- _Work to complete_
Starting with the first line of the data below, copy each line up to and including the one containing "Maglione in lana". Pictures stay out.

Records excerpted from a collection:
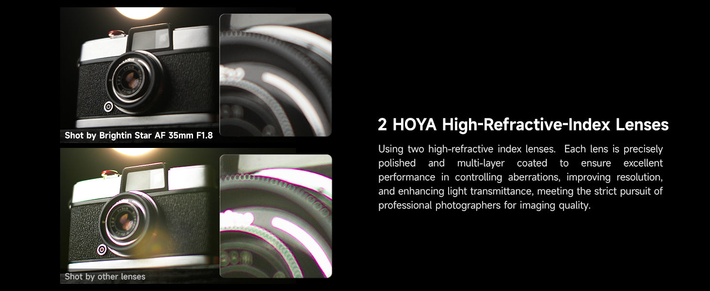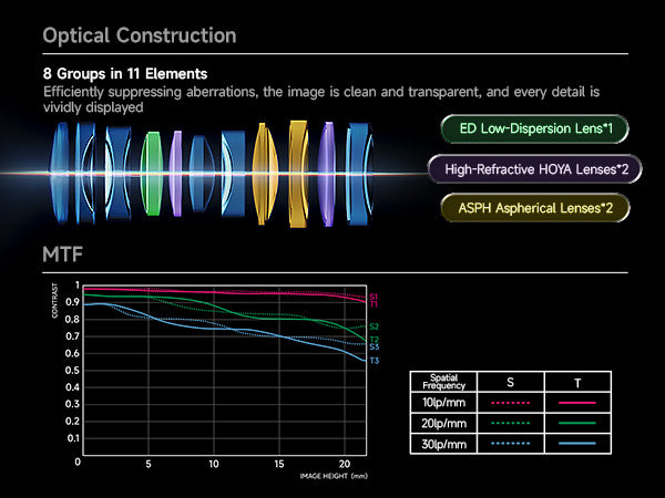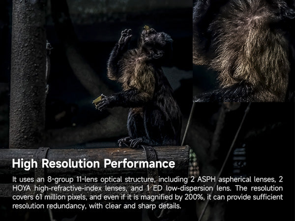 ¡ñ High Resolution Performance£ºIt uses an 8-group 11-lens optical structure, including 2 ASPH aspherical lenses, 2 Japanese HOYA high-refractive-index lenses, and 1 ED low-dispersion lens. it can provide sufficient resolution redundancy, with clear and sharp details.
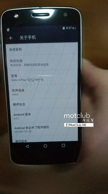 Ngoài hai bức hình rõ nét cho thấy thiết kế mặt sau cũng như thông tin sản phẩm, hình ảnh thứ ba cho thấy giao diện trên thiết bị cầm tay nay. Có vẻ như máy sẽ chạy Android 6.0.1, (điều này gợi ý rằng Moto Z Play sẽ ra mắt trước sự kiện giới thiệu Android 7.0 dự kiến diễn ra vào tháng 8 này) và không có cảm biến vân tay như Z hay Z Force.
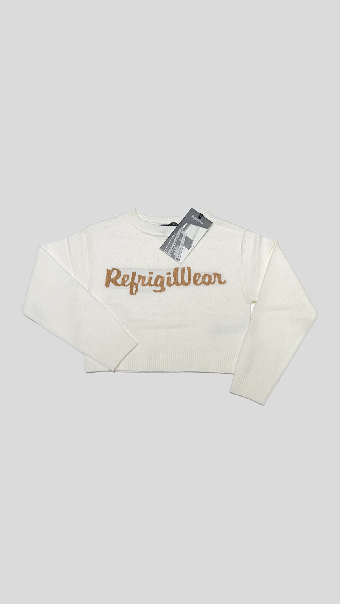 Maglione in lana Refrigiwear bimba/ragazza fondo Panna. Modello cropped, realizzato con logo centrale in contrasto di colore, vestibilità regolare.
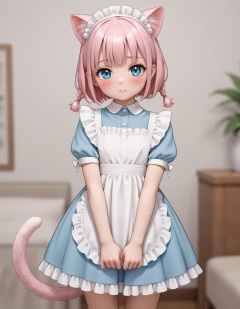 loli,1girl, solo, looking at viewer, blush, short hair, bangs, blue eyes, dress, animal ears, closed mouth, tail, pink hair, braid, short sleeves, cowboy shot, frills, puffy sleeves, cat ears, star \(symbol\), twin braids, puffy short sleeves, cat tail, maid headdress, blue dress, frilled dress, cat girl ,good work, (best quality), illustration, depth of field, (color),masterpiece,best quality,petite,cute,loli, kawaii,
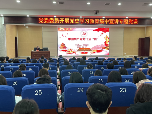 4月27日下午,校党委委员、副校长何福林为化生学院党总支、理学院党总支和机关第六党支部全体师生党员上党史学习教育专题党课。
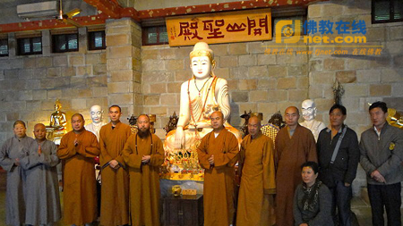 理因法师一行抵达华藏海大殿,即到坛城前捻香、礼佛为台湾祈福,随后由法藏法师带领参访团一行人认识开山大殿、法华洞等无生道场的景点。在法藏法师讲解开山圣殿的故事时,大家立即被玉佛前一排舍利子吸引目光,纷纷顶礼、跪拜,同声赞叹宝物的殊胜,更在开山圣殿内与舍利塔合影。
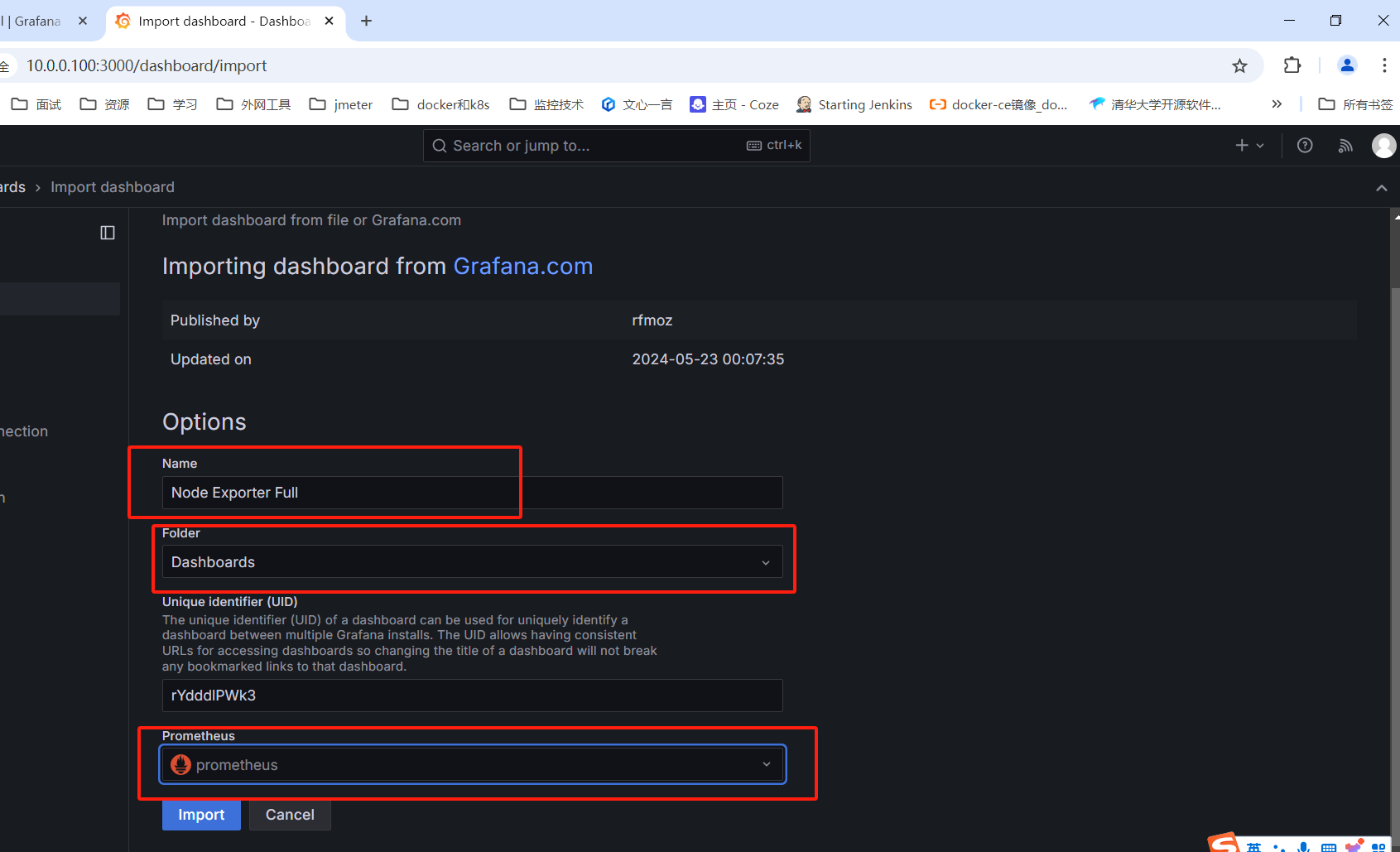 在grafana机器可以访问的网络的情况下,我们粘贴对应的官方模版的ID后,可以直接生成模版
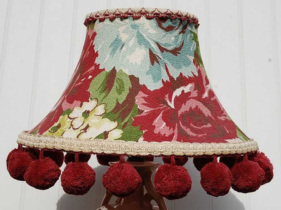 Люстру с тканевыми абажурами легко обновить, заменив материал. Можно использовать не совсем традиционную ткань. Например, кружево добавит интерьеру лёгкости и изящества, а грубая фактура мешковины сочетается с деревенским стилем. Ткань дополняют креативными украшениями: вышивкой, аппликациями, розами из свёрнутых лент, пуговицами и т. п.
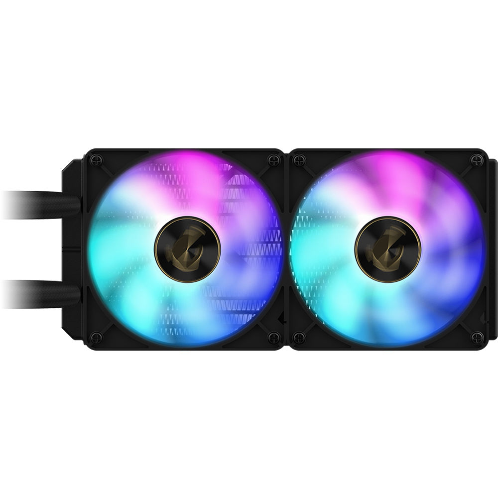Ce modèle est équipé d’un refroidissement hybride, associant un watercooling équipé d’une plaque froide en cuivre et d’un radiateur en aluminium de 240 mm (+ 2 ventilateurs RGB adressables 120 mm) pour refroidir le processeur graphique, les puces mémoires et les MOSFETs. Les tubes en FEP tressé permettent une installation aisée, et assurent une étanchéité totale du système.
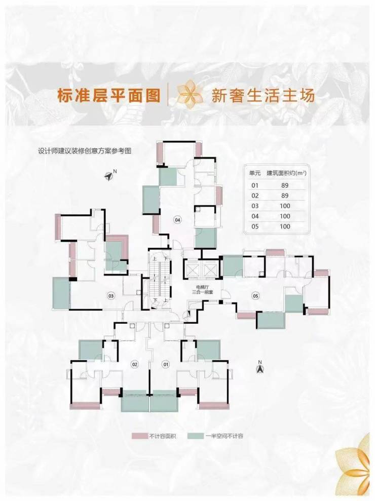 约100㎡(竖厅)四空间两厅两卫,南向四面宽采光面,敞亮通透,主卧带MINI吧、美妆台等休闲区
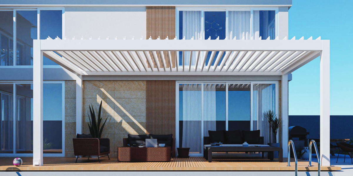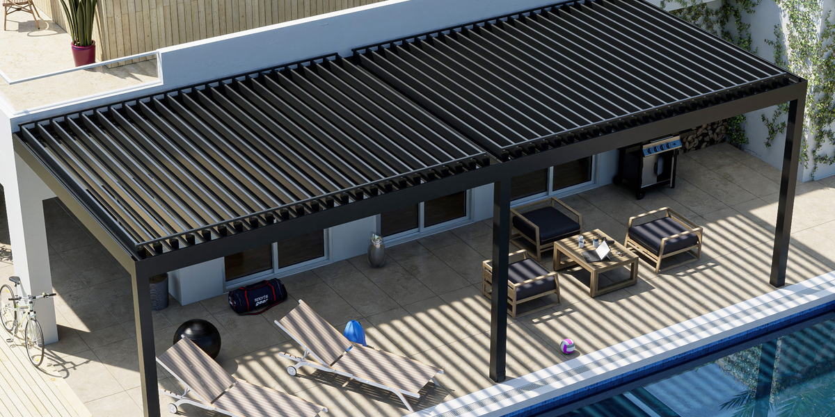 Pergola bioclimatica con lamelle retrattili in alluminio Cultura Outdoor di Nuova Generazione SkyMax utilizza lamelle intelligenti che consentono di regolare l'ombreggiatura deg...
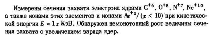 Измерены сечения захвата электрона ядрами С+6, 0+8, N+7, Ne+10f а также ионами этих элементов и ионами Ar+V < 10) при кинетической энергии Ε = lz КэВ. Обнаружен немонотонный рост величины сечения захвата с увеличением заряда ядер.
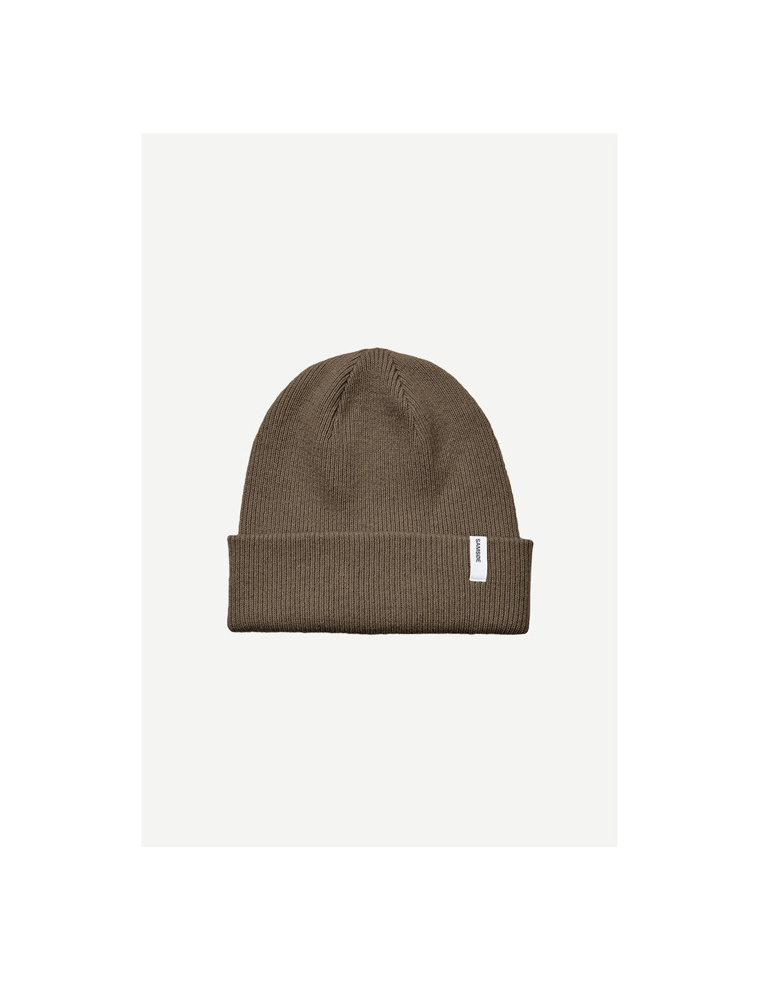 This beanie hat has been made in wool blend yarn. Knitted in a rib stitch with shaping at the top and a turn back hem for a neat fit. Finished with Samsøe Samsøe logo label.
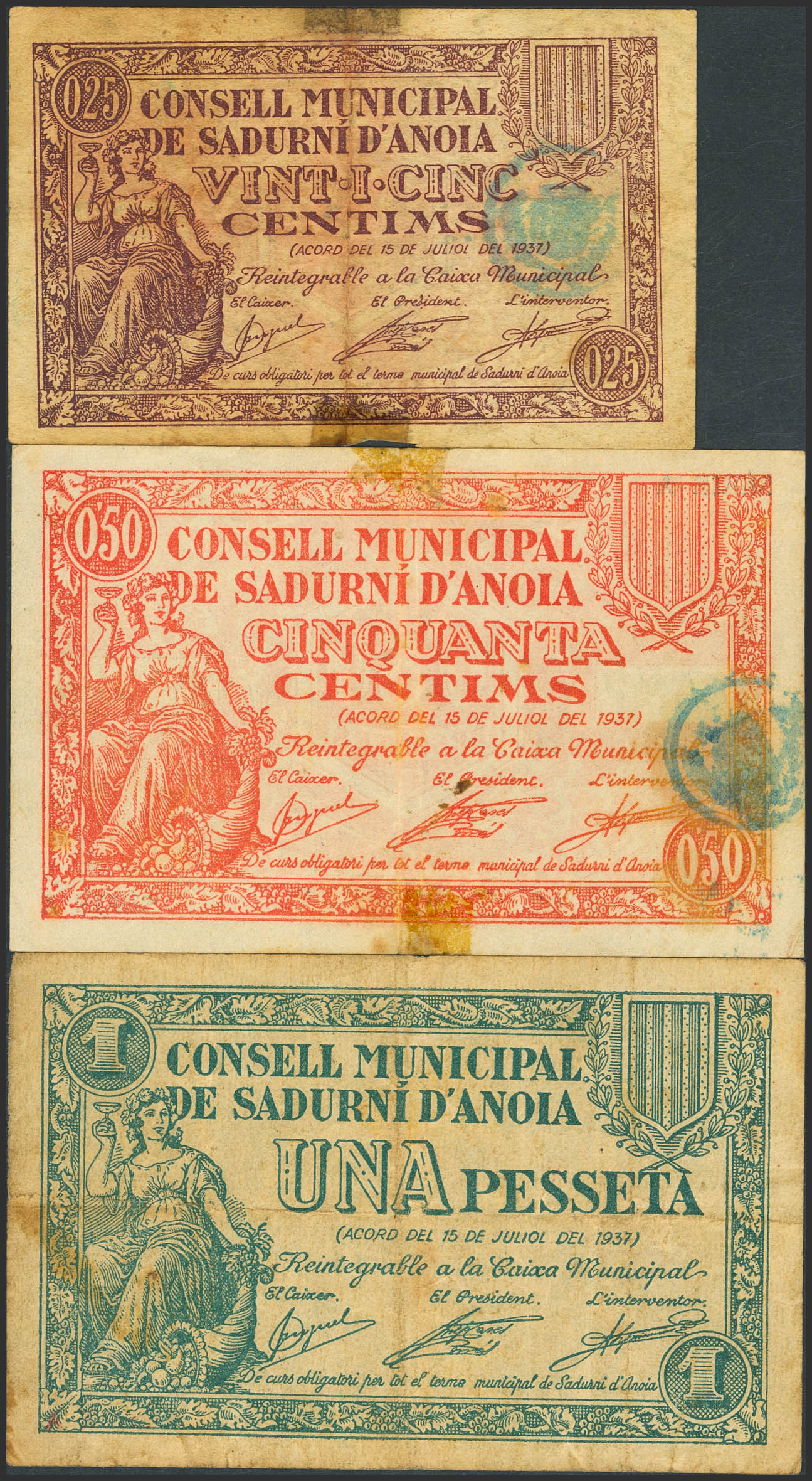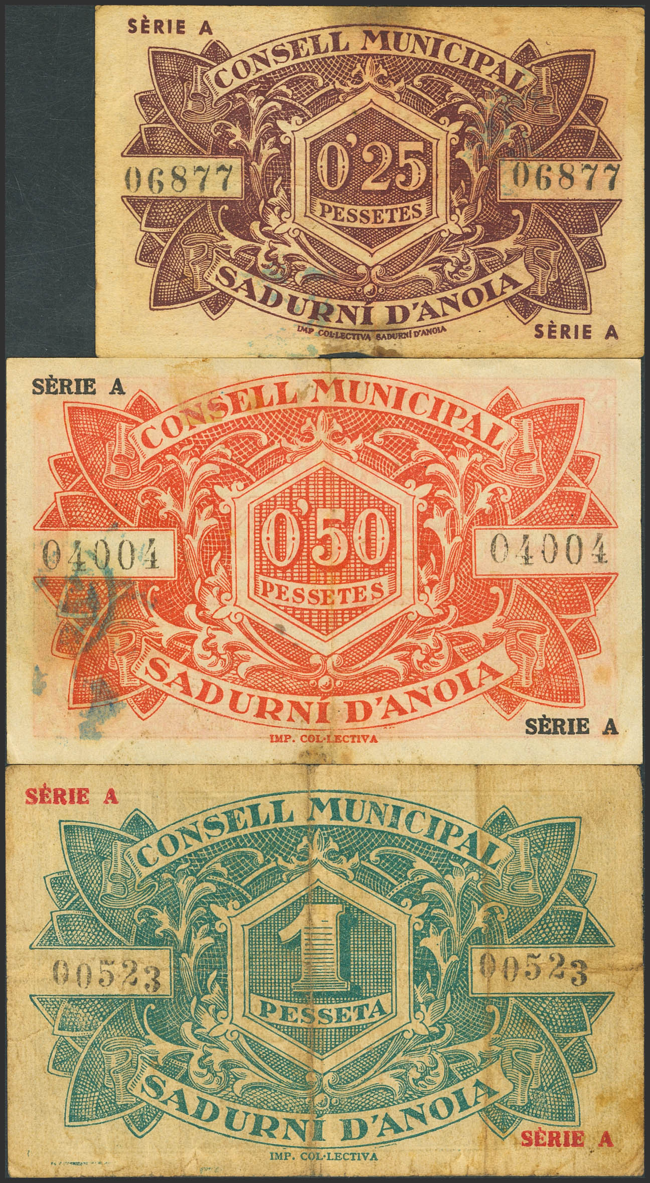 SADURNI DE ANOIA (BARCELONA). 25 Céntimos, 50 Céntimos y 1 Peseta. 15 de Julio de 1937. Serie A, todos. (González: 9804/06). Serie completa. MBC-.
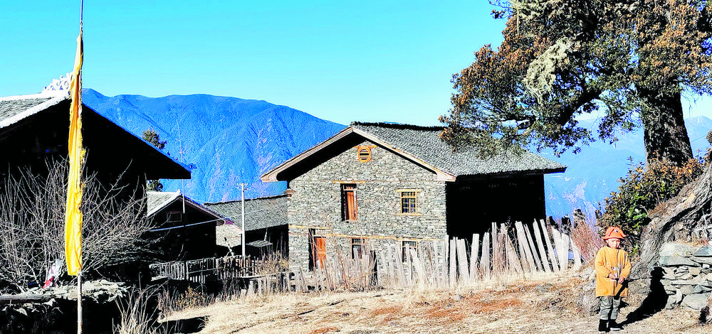 洛克所經(jīng)過的地方就是三巖龍鄉(xiāng)的猛董,這是一處鮮為人知的隱世天堂。猛董有“五絕”,即“山、湖、谷、寨、寺”,山是被當(dāng)?shù)厝诵欧顬樯裆降柠湹刎暩拢湹兀卣Z為珍珠),湖是神山腳下的麥地措(珍珠湖),谷是雅礱江谷地的藍(lán)月山谷,寨是猛董“后花園”的普米寨子,寺是修建于明清時(shí)期的猛董古寺。

- _Completed exercise_
 ¡ñ High Resolution Performance£ºIt uses an 8-group 11-lens optical structure, including 2 ASPH aspherical lenses, 2 Japanese HOYA high-refractive-index lenses, and 1 ED low-dispersion lens. it can provide sufficient resolution redundancy, with clear and sharp details.
 Ngoài hai bức hình rõ nét cho thấy thiết kế mặt sau cũng như thông tin sản phẩm, hình ảnh thứ ba cho thấy giao diện trên thiết bị cầm tay nay. Có vẻ như máy sẽ chạy Android 6.0.1, (điều này gợi ý rằng Moto Z Play sẽ ra mắt trước sự kiện giới thiệu Android 7.0 dự kiến diễn ra vào tháng 8 này) và không có cảm biến vân tay như Z hay Z Force.
 Maglione in lana Refrigiwear bimba/ragazza fondo Panna. Modello cropped, realizzato con logo centrale in contrasto di colore, vestibilità regolare.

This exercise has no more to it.